What is required: Find the line below with "Located on the" and the line with "Cream-coloured faux fur". Output exactly those lines and everything between them, leaving out the pictures.

Supplied data:

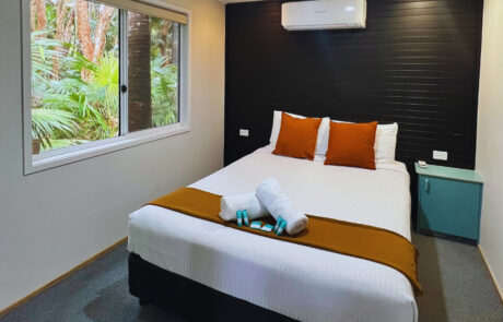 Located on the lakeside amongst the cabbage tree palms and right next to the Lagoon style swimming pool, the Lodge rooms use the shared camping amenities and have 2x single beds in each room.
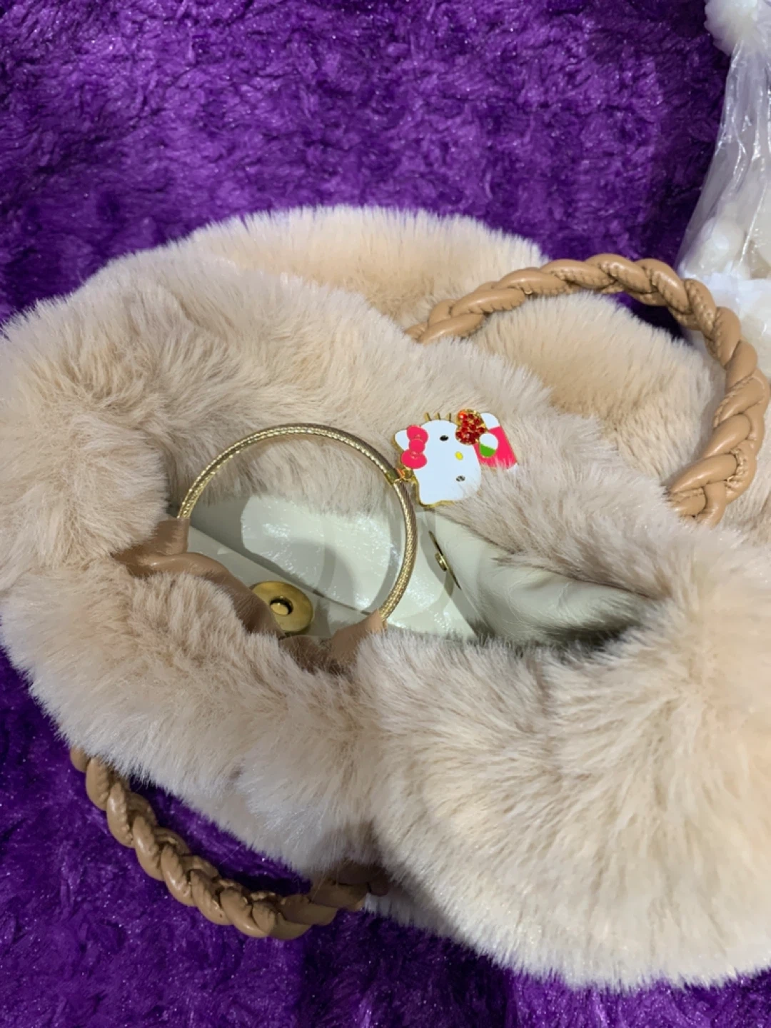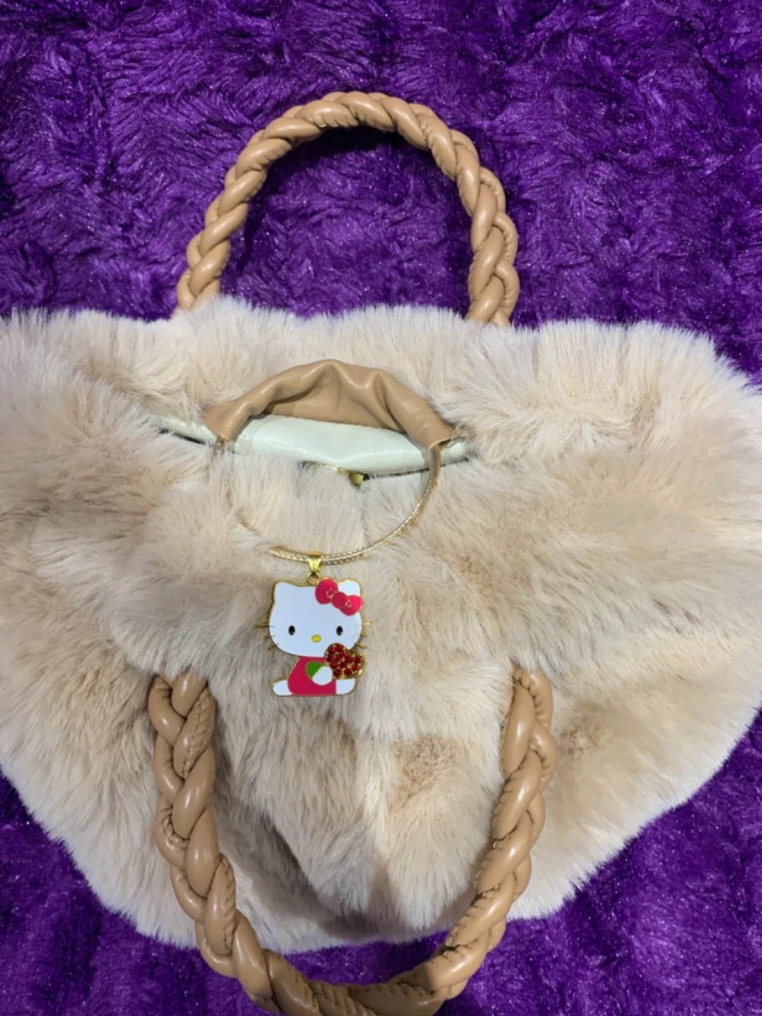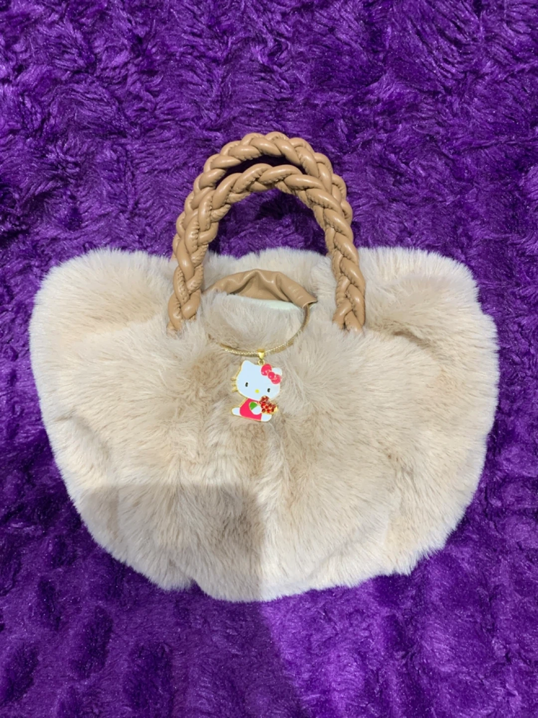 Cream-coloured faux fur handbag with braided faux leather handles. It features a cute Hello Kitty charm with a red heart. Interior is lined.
* * *
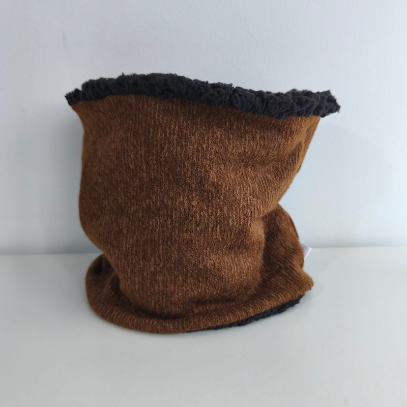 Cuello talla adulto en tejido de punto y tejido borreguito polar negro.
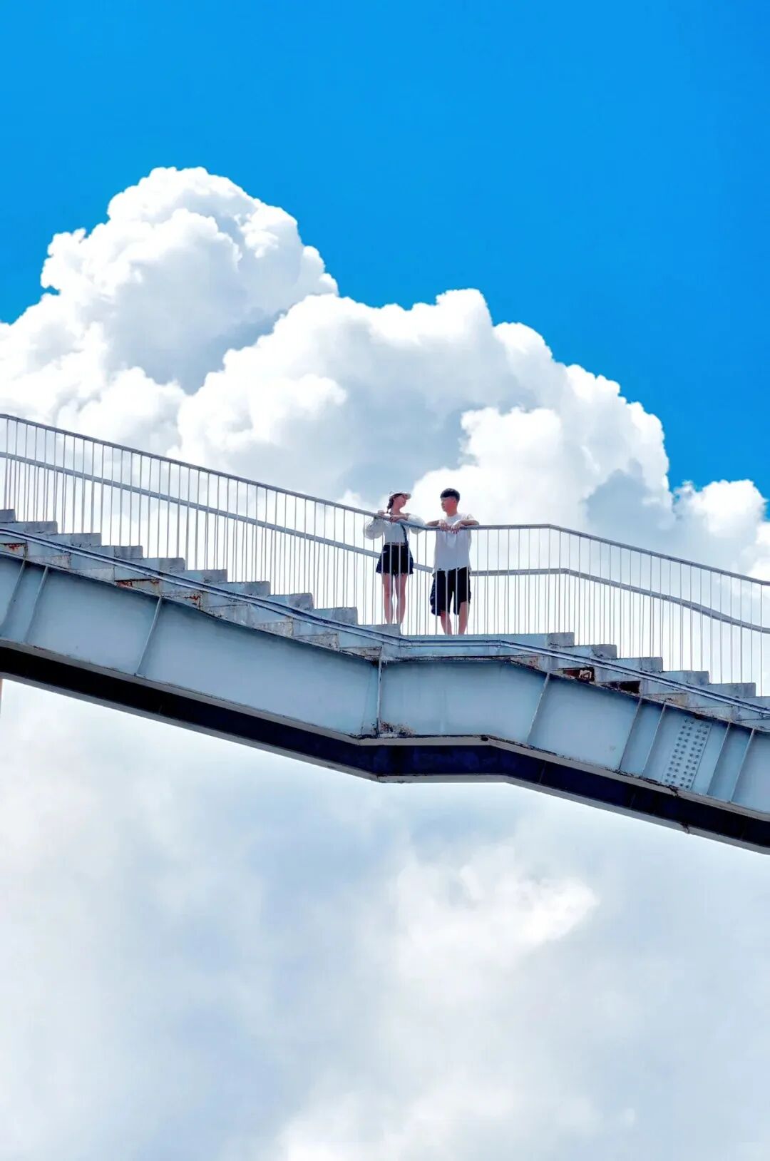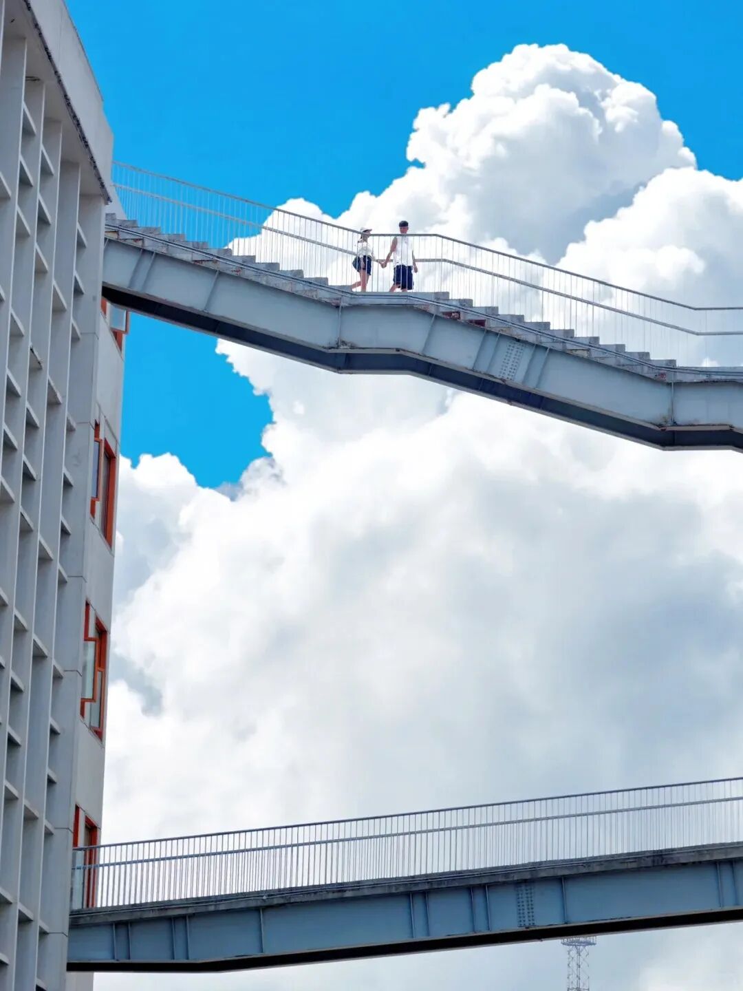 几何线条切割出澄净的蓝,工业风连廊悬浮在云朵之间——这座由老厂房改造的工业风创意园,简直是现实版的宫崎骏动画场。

Exercise solution:
 Located on the lakeside amongst the cabbage tree palms and right next to the Lagoon style swimming pool, the Lodge rooms use the shared camping amenities and have 2x single beds in each room.
 Cream-coloured faux fur handbag with braided faux leather handles. It features a cute Hello Kitty charm with a red heart. Interior is lined.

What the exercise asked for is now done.